Hold onto your hats! A raft of change is in the wind
Some significant changes to the law, which will have implications for workplace relations, are imminent. These changes relate to:
- protected industrial action;
- zombie agreements;
- flexible work arrangements and unpaid parental leave disputes; and
- superannuation guarantee entitlements.
Protected industrial action
Under the Fair Work Act 2009 (Cth) (FW Act), employees have the right to take industrial action (i.e. go on strike) during enterprise bargaining; however, the industrial action taken must be protected.
From 6 June 2023, before protected industrial action can be taken there will be a new requirement for all bargaining representatives to attend a compulsory conference to be convened by the Fair Work Commission (FWC).
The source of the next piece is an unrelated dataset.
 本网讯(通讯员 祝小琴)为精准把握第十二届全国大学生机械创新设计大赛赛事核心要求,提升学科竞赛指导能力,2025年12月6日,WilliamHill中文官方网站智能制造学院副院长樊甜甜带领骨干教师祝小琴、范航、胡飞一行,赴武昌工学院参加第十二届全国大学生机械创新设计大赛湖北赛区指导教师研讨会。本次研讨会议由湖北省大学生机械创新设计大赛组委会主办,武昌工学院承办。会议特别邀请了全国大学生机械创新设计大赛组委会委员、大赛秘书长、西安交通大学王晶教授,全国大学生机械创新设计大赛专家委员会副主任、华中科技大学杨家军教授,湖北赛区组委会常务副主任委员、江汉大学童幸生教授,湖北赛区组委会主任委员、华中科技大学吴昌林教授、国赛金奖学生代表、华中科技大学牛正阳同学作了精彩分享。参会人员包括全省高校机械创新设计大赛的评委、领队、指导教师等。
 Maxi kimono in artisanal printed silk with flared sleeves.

The conference will take place during the ballot period but before any protected industrial action can take place.
At the conference, a member of the FWC can:
- make a recommendation; and
- express an opinion.
The purpose of the conference is to try to get parties to reach an agreement on the issues that are preventing the enterprise agreement from being agreed to.
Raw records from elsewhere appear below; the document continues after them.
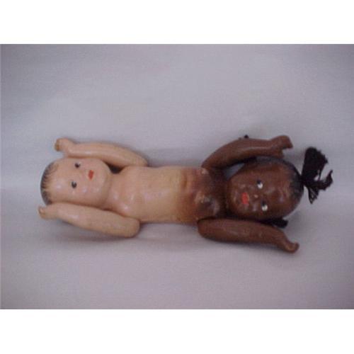 These dolls are shown in a book called "Black Dolls by Myla Perkins 1820-1991 identification and value guide. Price updated in 1995. They are shown on page 90 plate 251. They are dressed in original dress . Both have movable arms. Faces identical except one black and one white. Black doll has turnable head, white one is molded on body. Both have wear on hands with tiny bit of breaking on end of fingers on white doll and a small crack on palm of right hand of black doll. They are original except black dolls string tuffs have been replaced. Black doll has some rub off on her back of neck. If you enlarge pictures these places should show up. If not will send any photos you desire. Please email any questions and allow one day for response. Thank you for looking. Shirl for TAKE ME HOME ANTIQUES & COLLECTIBLES.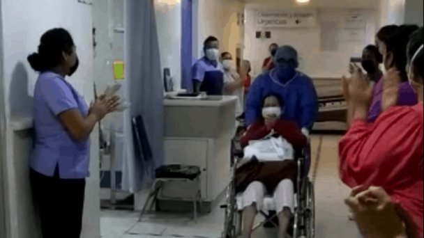 Entre porras y aplausos por parte del personal de salud, la paciente con cubreboca, entre lágrimas y llevando sus manos al corazón en señal de agradecimiento, se despide de los médicos.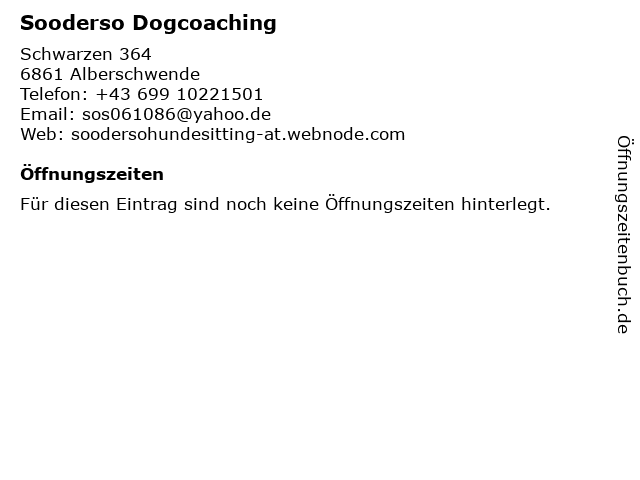 | Öffnungszeiten Sooderso Dogcoaching in Alberschwende anzeigen | |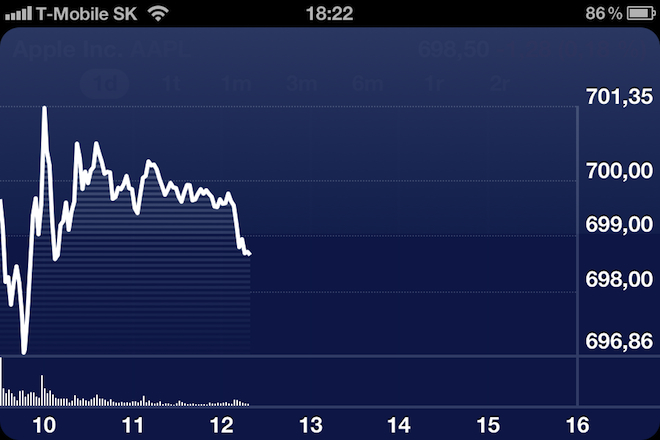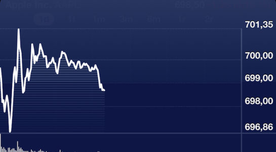 Již včera jsme vási fnormovali a výrazném růstu akcií společnosti Apple Inc. Zatím co se vščera akcie zarazily 20 centů pod 700$, dnes tuto hranici hodnota akcií překonala. Jeden kus akcií se tak prodával během dne až za 701,44$. To znamená, že tržní kapitalizace společnosti je 656 miliard dolarů, zhruba 12,5 bilionů korun.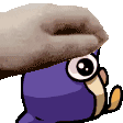 Animated pixel art sticker of Bert from Fall Guys, a purple bird with a towel, being gently patted.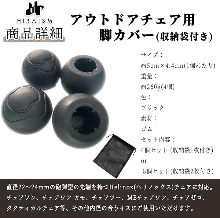 「商品内容」アウトドアチェア用脚カバー <サイズ>5cmx4.4cm <重量>約260g(4個) <色>ブラック <素材>ゴム <セット内容>4個セット or 8個セット <備考>直径22~24mmの砲弾型の先端を持つHelinox(ヘリノックス)チェアに対応。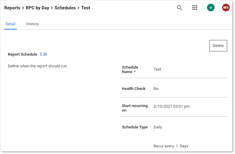 To view existing schedules for a report, click Schedule on the Report View screen. A list of existing schedules for the report appear in the grid.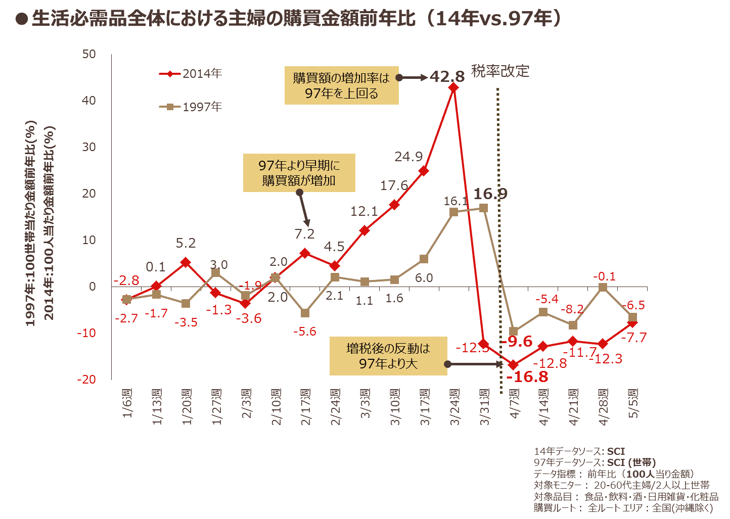 まず、1997年の増税(消費税3%→5%)直前週の生活必需品(飲食料品・雑貨・化粧品)の購買額は、前年と比較して16.9%増加しました。これに対して、2014年の増税直前週の購買額は対前年42.8%の増加と、1997年の増税時を大きく上回りました(図表2)。

The changes give the FWC a more hands-on role in helping parties to reach an agreement, which may be helpful in situations where bargaining representatives simply cannot agree on a particular issue and a neutral third party may be needed to provide both parties with a fresh perspective on the issue.
The 6 June 2023 is also the date a raft of changes around bargaining and bargaining disputes come into effect.
Zombie agreements are agreements that were made prior to the FW Act coming into effect on 1 January 2010. Many zombie agreements no longer operate, but some still continue to apply to certain groups of employees.
In an attempt to phase out the continued operation of zombie agreements, the Federal Government made changes to the FW Act that will ensure these agreements will automatically terminate on 7 December 2023, unless an application is made to the FWC to extend operation.
Employers must notify any employee who is still covered by a zombie agreement about its upcoming termination. Notification must be done before 7 June 2023. A failure to give written notice to employees will expose employers to financial penalties.
The FWC has helpfully compiled a list of possible zombie agreements that continue to apply. You can find the list here.
Flexible work arrangements and unpaid parental leave disputes
Requests for flexible work arrangements and unpaid parental leave are entitlements contained in the National Employment Standards.
From 6 June 2023, the FWC will be given new powers to deal with any dispute involving a refusal of a request for a flexible work arrangement or an extension of unpaid parental leave. There was previously no avenue for employees to challenge such refusals.
The FWC will be tasked with determining whether an employer had reasonable business grounds to refuse a request for a flexible work arrangement or an extension of unpaid parental leave.
Superannuation guarantee entitlements
From 1 July 2026, employers will be required to pay their employees’ superannuation guarantee (SG) entitlements on the same day they pay salary and wages. Currently, employers are only required to pay their employees’ SG on a quarterly basis. This change was included in the recent 2023–2024 Federal Budget update.
This change will put pressure on employers to ensure they are paying an employee’s SG entitlements on time or risk being penalised by the ATO with the SG charge.